*** Opening of DATASET CONTENT ***

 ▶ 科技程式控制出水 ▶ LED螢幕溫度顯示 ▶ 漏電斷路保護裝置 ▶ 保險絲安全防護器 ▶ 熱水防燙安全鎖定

*** Close of DATASET CONTENT ***
*** Opening of DATASET CONTENT ***

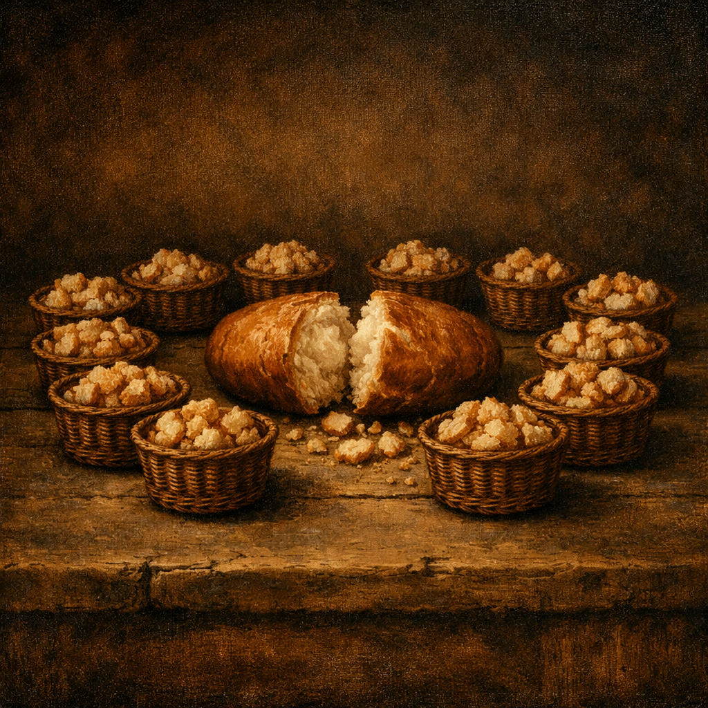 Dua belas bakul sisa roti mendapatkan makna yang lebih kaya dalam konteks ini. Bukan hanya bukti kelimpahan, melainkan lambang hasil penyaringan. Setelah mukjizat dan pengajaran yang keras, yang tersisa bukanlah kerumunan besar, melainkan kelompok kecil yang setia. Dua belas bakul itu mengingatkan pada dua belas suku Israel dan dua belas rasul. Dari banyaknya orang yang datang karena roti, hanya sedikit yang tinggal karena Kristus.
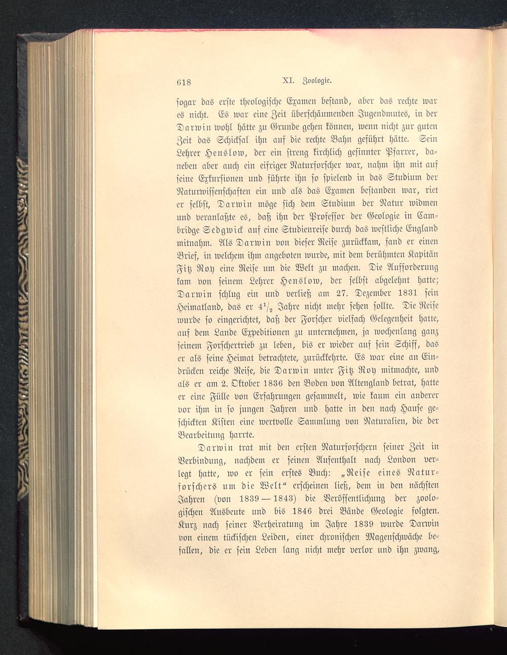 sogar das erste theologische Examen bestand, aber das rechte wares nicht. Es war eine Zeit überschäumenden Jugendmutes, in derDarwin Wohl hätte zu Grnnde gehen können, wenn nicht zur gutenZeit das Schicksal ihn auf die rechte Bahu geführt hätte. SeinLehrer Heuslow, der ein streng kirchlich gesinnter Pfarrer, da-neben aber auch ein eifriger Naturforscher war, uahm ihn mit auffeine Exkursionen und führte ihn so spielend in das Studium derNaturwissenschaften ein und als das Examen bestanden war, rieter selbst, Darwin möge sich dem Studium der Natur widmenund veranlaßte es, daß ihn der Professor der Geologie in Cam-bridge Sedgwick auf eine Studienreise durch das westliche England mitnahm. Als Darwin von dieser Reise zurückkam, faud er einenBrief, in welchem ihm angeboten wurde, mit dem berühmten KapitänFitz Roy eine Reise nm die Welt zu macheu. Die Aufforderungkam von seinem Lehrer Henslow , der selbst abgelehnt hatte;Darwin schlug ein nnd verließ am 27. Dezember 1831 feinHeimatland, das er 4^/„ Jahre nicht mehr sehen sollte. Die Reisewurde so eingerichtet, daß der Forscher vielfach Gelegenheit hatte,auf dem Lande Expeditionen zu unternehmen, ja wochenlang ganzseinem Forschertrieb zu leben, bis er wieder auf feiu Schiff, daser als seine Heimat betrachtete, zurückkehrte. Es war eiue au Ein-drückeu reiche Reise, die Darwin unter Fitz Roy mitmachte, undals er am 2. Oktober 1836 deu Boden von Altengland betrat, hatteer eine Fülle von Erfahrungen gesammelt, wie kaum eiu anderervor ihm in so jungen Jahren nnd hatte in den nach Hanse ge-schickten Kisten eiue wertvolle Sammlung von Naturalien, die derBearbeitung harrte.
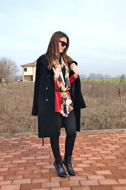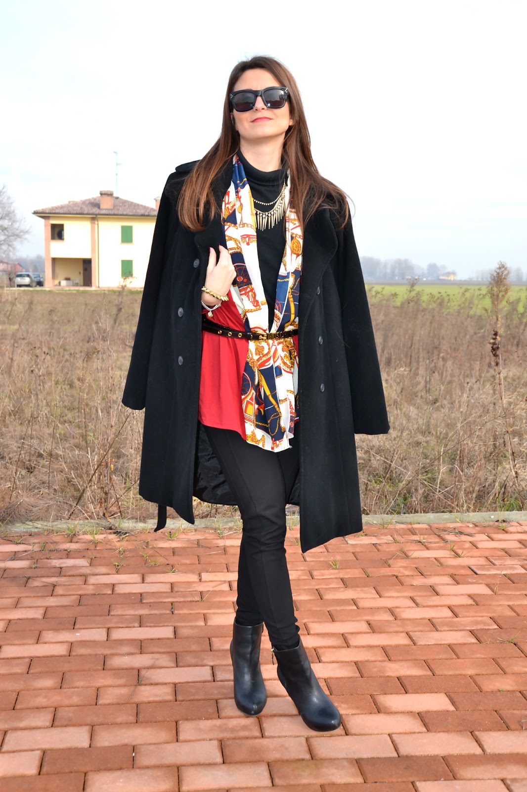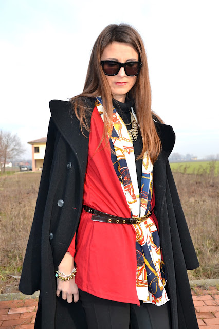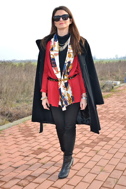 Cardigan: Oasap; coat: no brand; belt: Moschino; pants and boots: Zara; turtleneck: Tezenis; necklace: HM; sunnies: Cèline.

*** Close of DATASET CONTENT ***

AIM OF THE EXERCISE »
Look above for the line with "sogar das erste" and the line with "Cardigan: Oasap; coat: no". Copy them and every line between, exactly, but no pictures.

EXERCISE SOLUTION »
 sogar das erste theologische Examen bestand, aber das rechte wares nicht. Es war eine Zeit überschäumenden Jugendmutes, in derDarwin Wohl hätte zu Grnnde gehen können, wenn nicht zur gutenZeit das Schicksal ihn auf die rechte Bahu geführt hätte. SeinLehrer Heuslow, der ein streng kirchlich gesinnter Pfarrer, da-neben aber auch ein eifriger Naturforscher war, uahm ihn mit auffeine Exkursionen und führte ihn so spielend in das Studium derNaturwissenschaften ein und als das Examen bestanden war, rieter selbst, Darwin möge sich dem Studium der Natur widmenund veranlaßte es, daß ihn der Professor der Geologie in Cam-bridge Sedgwick auf eine Studienreise durch das westliche England mitnahm. Als Darwin von dieser Reise zurückkam, faud er einenBrief, in welchem ihm angeboten wurde, mit dem berühmten KapitänFitz Roy eine Reise nm die Welt zu macheu. Die Aufforderungkam von seinem Lehrer Henslow , der selbst abgelehnt hatte;Darwin schlug ein nnd verließ am 27. Dezember 1831 feinHeimatland, das er 4^/„ Jahre nicht mehr sehen sollte. Die Reisewurde so eingerichtet, daß der Forscher vielfach Gelegenheit hatte,auf dem Lande Expeditionen zu unternehmen, ja wochenlang ganzseinem Forschertrieb zu leben, bis er wieder auf feiu Schiff, daser als seine Heimat betrachtete, zurückkehrte. Es war eiue au Ein-drückeu reiche Reise, die Darwin unter Fitz Roy mitmachte, undals er am 2. Oktober 1836 deu Boden von Altengland betrat, hatteer eine Fülle von Erfahrungen gesammelt, wie kaum eiu anderervor ihm in so jungen Jahren nnd hatte in den nach Hanse ge-schickten Kisten eiue wertvolle Sammlung von Naturalien, die derBearbeitung harrte.
 Cardigan: Oasap; coat: no brand; belt: Moschino; pants and boots: Zara; turtleneck: Tezenis; necklace: HM; sunnies: Cèline.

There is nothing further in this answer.